Ovvio che se i fascisti che fanno il saluto romano e la chiamata del “presente” ai fucilati di Dongo appaiono come irriducibili nostalgici della dittatura del ventennio, c’è il rischio che anche gli antifascisti che vanno lì a fischiare e a cantare Bella Ciao vengano percepiti come un fenomeno di reducismo minoritario e ormai obsoleto, come l’altra faccia della stessa identica medaglia scolorita…

Domenica 27 a Dongo eravamo 100 fascisti contro 350, forse 400 antifascsti. Ma sempre troppo pochi. Il prossimo anno sarebbe bello (e opportuno) essere 100 contro 5 mila…  I fascisti in Italia ci sono, ci sono sempre stati, c’erano e facevano le stesse sceneggiate anche prima del governo Meloni, ma l’unica strada per farli stare ad orecchie basse è quella di sovrastarli, di farli sentire circondati e isolati non da un manipolo di militanti leggermente più numeroso di loro, ma dall’Italia intera. Dalla coscienza civile e democratica degli italiani.

Certa roba, come la celebrazione di Dongo, in questo Paese non può avere diritto di cittadinanza. O comunque va messa all’angolo. Che poi le forze dell’ordine vadano a identificare la fornaia di Ascoli per uno striscione antifascista e non i fascisti che celebrano Pavolini, Mezzasoma, Zerbino e gli altri a Dongo, è un altro discorso che merita una riflessione ulteriore.
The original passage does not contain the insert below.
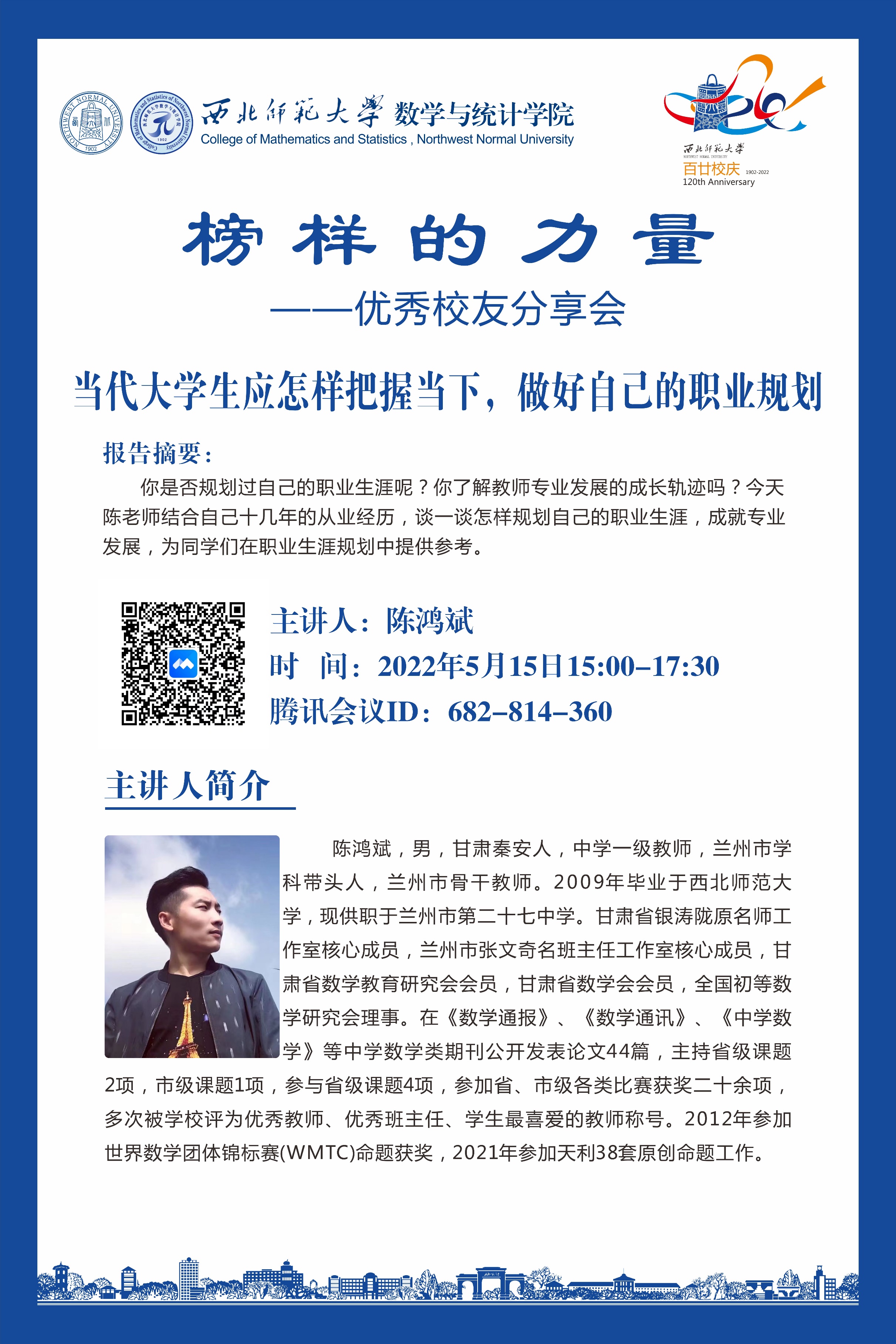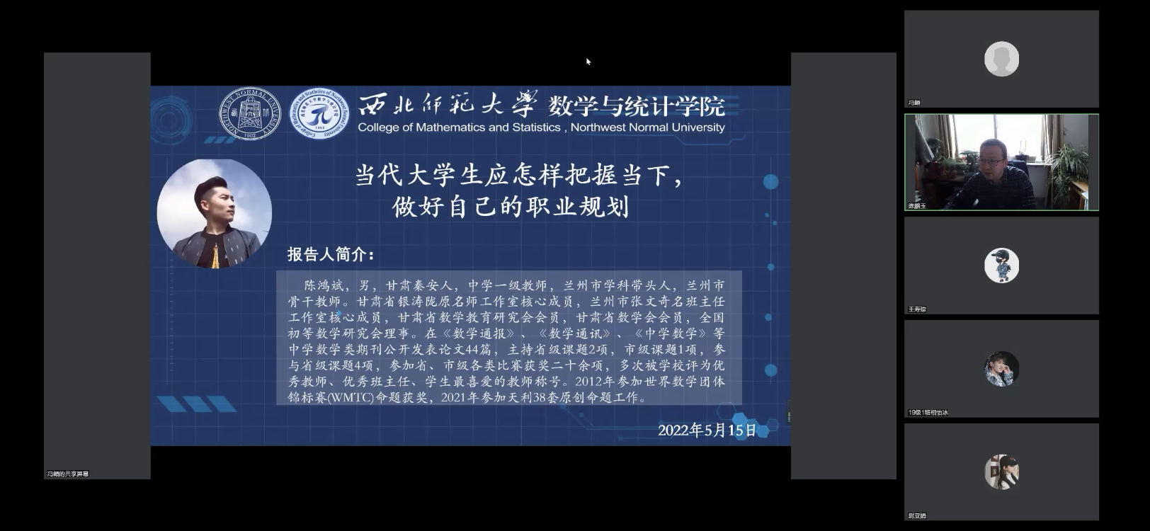 为让beat365学生更加珍惜大学时光,合理规划在校学习与生活,提升专业技能和就业创业能力,提前做好职业生涯发展规划,学院邀请beat3652009届优秀校友陈鸿斌老师于5月15日在腾讯会议开展了以“当代大学生怎样把握当下,做好自己的职业规划”为主题的讲座,讲座由陈鹏玉副教授主持。

C’è sempre chi è più realista del re.

Io alla manifestazione del 25 aprile a Milano e domenica 27 a Dongo, però, ho visto poliziotti con il casco e il manganello comportarsi in maniera intelligente, civile e democratica, anche se qualcuno avrebbe forse preferito che agissero diversamente. Pasolini nel ’68 non aveva tutti i torti.

m.l.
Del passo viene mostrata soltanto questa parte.